Performance in the workplace has become an increasingly complex topic as the nature work has changed over time.
Post the industrial revolution the ability to measure a workers’ performance, and therefore set their remuneration, was quite simple. The number of products workers produced over a specific period of time could be simply counted, and the quality assessed. The factory owner could then set specific targets and then set a specific monetary reward.
Factory owners hoped that they could get humans to behave just like the machines they were producing. This project failed dismally.
As the nature of work developed in complexity and the microprocessor took hold, what was required of workers fundamentally changed too. The average employee spent less time producing products, and more of their time thinking. This required a change in not only how work was measured, but also how workers were remunerated.
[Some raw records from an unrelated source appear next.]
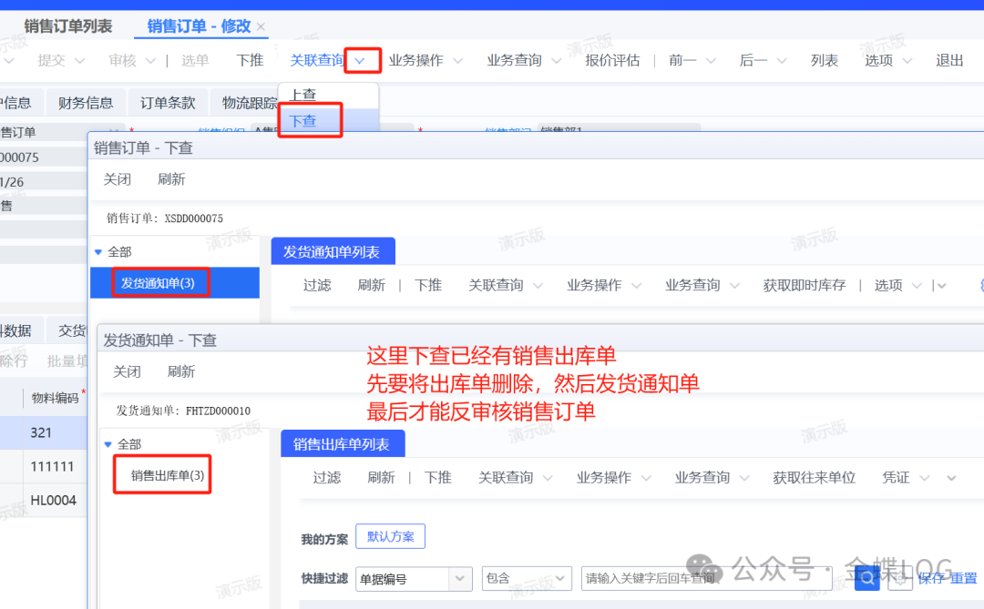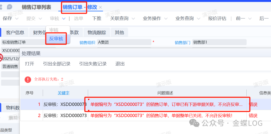 如果销售订单存在下游单据,直接反审核系统会提示:“存在下游不允许修改”。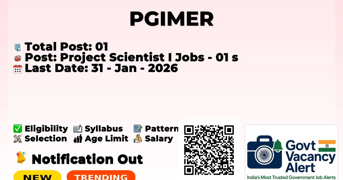 Postgraduate Institute of Medical Education and Research (PGIMER) has delivered the official notification for 2026. To fill up the vacancies for Project Scientist I Jobs. Those candidates who have qualified in the M.Sc, M.Tech, M.Pharm, and Ph.D can grab this chance and apply for the PGIMER Recruitment 2026. Interested candidates can apply before the last date of application. For more details, like the age limit, selection process, salary structure, education details, application fee, and how to apply for the posts mentioned below.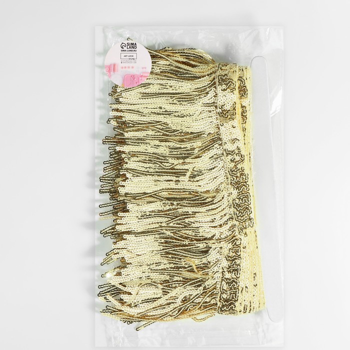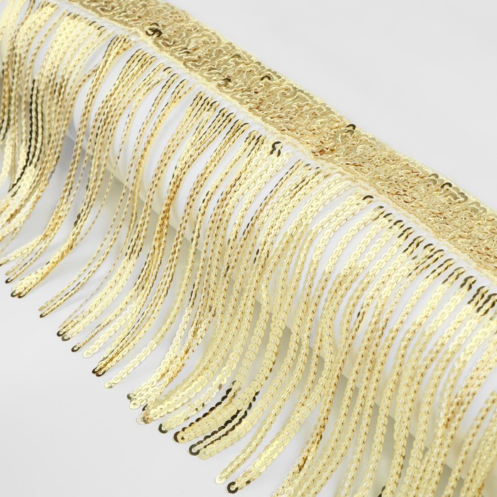 Тесьма с пайетками «Бахрома», d=3 мм, 10 см, 4.5±0.5 м, цвет золотой — Характеристики

The change in the nature of work went hand in hand with political and social changes. The power relations between business owners and the workforce changed to. Employees became more educated and as they did their work options increased. Business owners could no longer merely rely on paying for a specific product output, but had to factor in employees input too.
The understanding of work motivation shifted in line with changes in the nature of work. Monetary remuneration in the form of a salary, which was growing exponentially, came to be seen as merely one way to reward employees and keep them engaged and motivated. In the developed world in particular other forms of reward such as share options and bonuses were developed to keep highly regarded employees from leaving to join competitors.
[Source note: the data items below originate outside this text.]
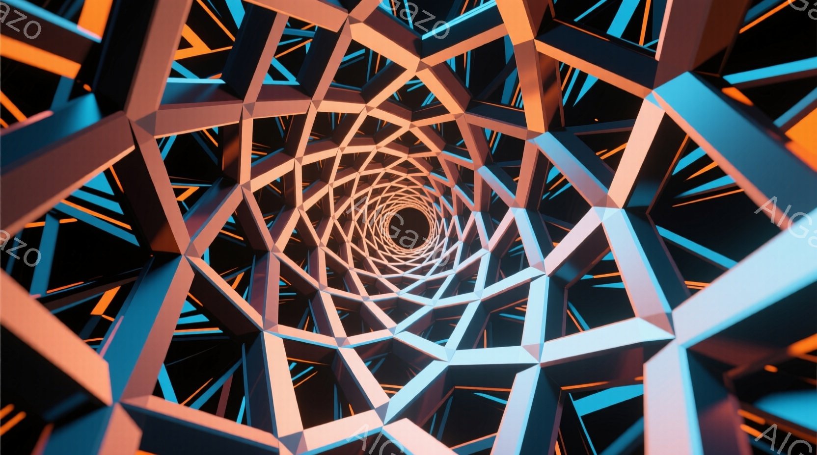 この画像は、幾何学的な構造が複雑に絡み合い、渦巻くようなトンネルを描いています。白いポリゴンの構造が無限に続くように見え、中央に向かって収束する視覚的な効果を生み出しています。全体的に、未来的な抽象芸術作品のような雰囲気で、奥行きと無限の可能性を感じさせます。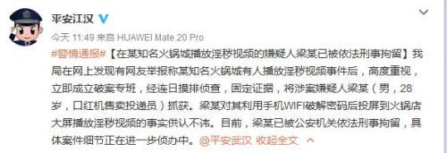 通报称,武汉市江汉区公安分局在发现有网友举报称某知名火锅城有人播放淫秽视频事件后,高度重视,立即成立破案专班,经连日摸排侦查,固定证据,将涉案嫌疑人梁某(男,28岁,口红机售卖投递员)抓获。梁某对其利用手机WIFI破解密码后投屏到火锅店大屏播放淫秽视频的事实供认不讳。
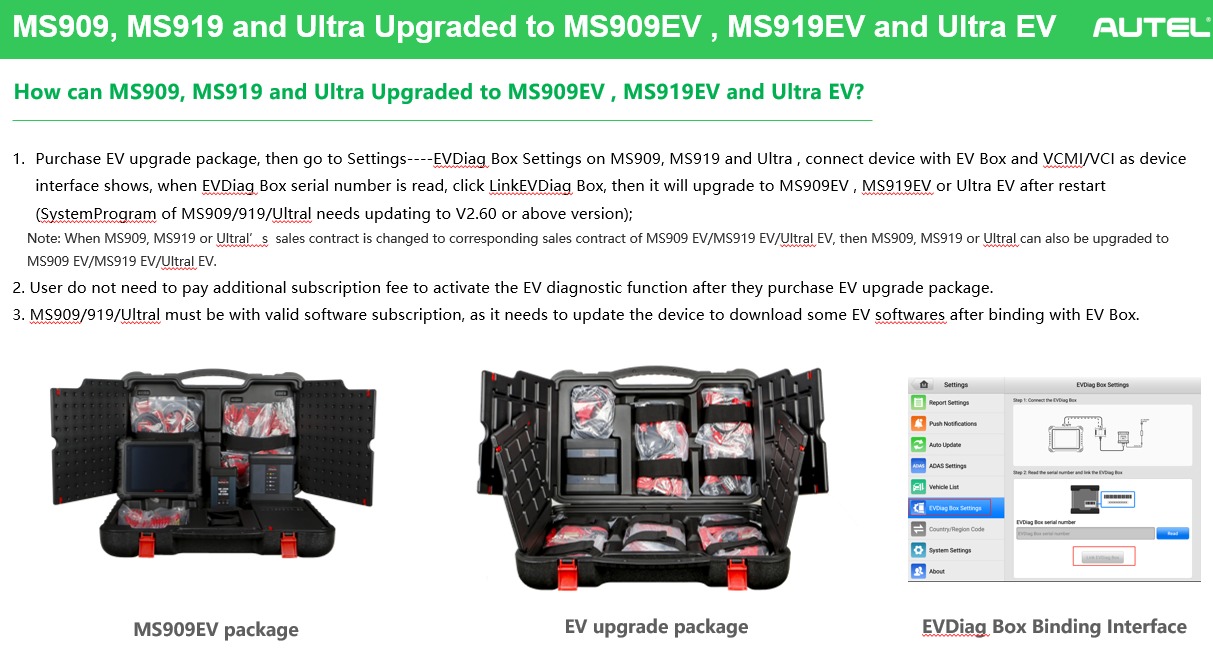 Autel Ultral EV Diagnostics Upgrade Kit includes EVDiag Box

How businesses defined high performance became more and more difficult to asses. A whole discipline of organizational psychology and business science developed to look at performance assessment and management. Much of the responsibility in terms of measuring and driving performance was placed in the hands of business and work group leaders and human resource departments.
Very quickly we started to realize that expecting such a small group of people to asses and measure quite subjective subject matter was filled with pitfalls. Psychology helped us to understand that we all have biases, many of them unconscious. Leaders therefore tended to rate those most similar to them more highly in terms of performance, which frustrated business owners and employees equally. They quickly came to realize that all of this measurement did not necessarily increase performance.
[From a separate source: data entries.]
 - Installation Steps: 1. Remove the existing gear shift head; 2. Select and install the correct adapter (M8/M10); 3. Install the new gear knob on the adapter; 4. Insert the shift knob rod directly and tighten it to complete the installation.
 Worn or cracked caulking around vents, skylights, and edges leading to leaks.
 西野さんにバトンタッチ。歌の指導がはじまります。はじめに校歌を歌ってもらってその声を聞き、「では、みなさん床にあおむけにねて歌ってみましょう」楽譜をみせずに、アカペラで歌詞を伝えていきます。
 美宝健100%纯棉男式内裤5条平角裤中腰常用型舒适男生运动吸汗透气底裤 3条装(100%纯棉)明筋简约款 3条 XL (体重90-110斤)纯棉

In response businesses in spent more and more money on developing leaders and measurement instruments. In 2015 alone it is hypothesized that $13.6 billion was spent on training and development of business leaders.
360’ reviews started to become popular. In these employees are rated by leaders, peers as well as subordinates. These were seen as providing a much more balanced perspective on performance, and allowed for a simultaneous review of leadership.
The instruments developed for such processes, whilst useful, have proved to be labor intensive, expensive and time consuming. Most organizations that employ them have to select users very carefully, and tend to to only use them sparingly. This doesn’t allow for monitoring of changes or growth on an ongoing basis
Furthermore, the technology used in administering these instruments has not kept up to date with technological advancements. The platforms they utilize are often clunky and non intuitive.
As a result of the complexity and cost of these review processes, a few large and influential companies have decided to throw the proverbial baby out with the bathwater and have gotten rid of reviews all together.
This has not in our opinion solved the problem of driving performance, at best it has got rid of some beauracracy and saved money.
The problem of understanding and driving performance will not go away. It will become a more and more complex issue. The golden fleece is being able to find a way to objectively measure subjective phenomena. An algorithmic solution in our minds does not solve the problem. We believe that a platform that allows organizations to define contextually relevant behaviours and personal styles and to be able to change these as work requirements change is where performance management will be heading and Snapp360 is driving this pathway.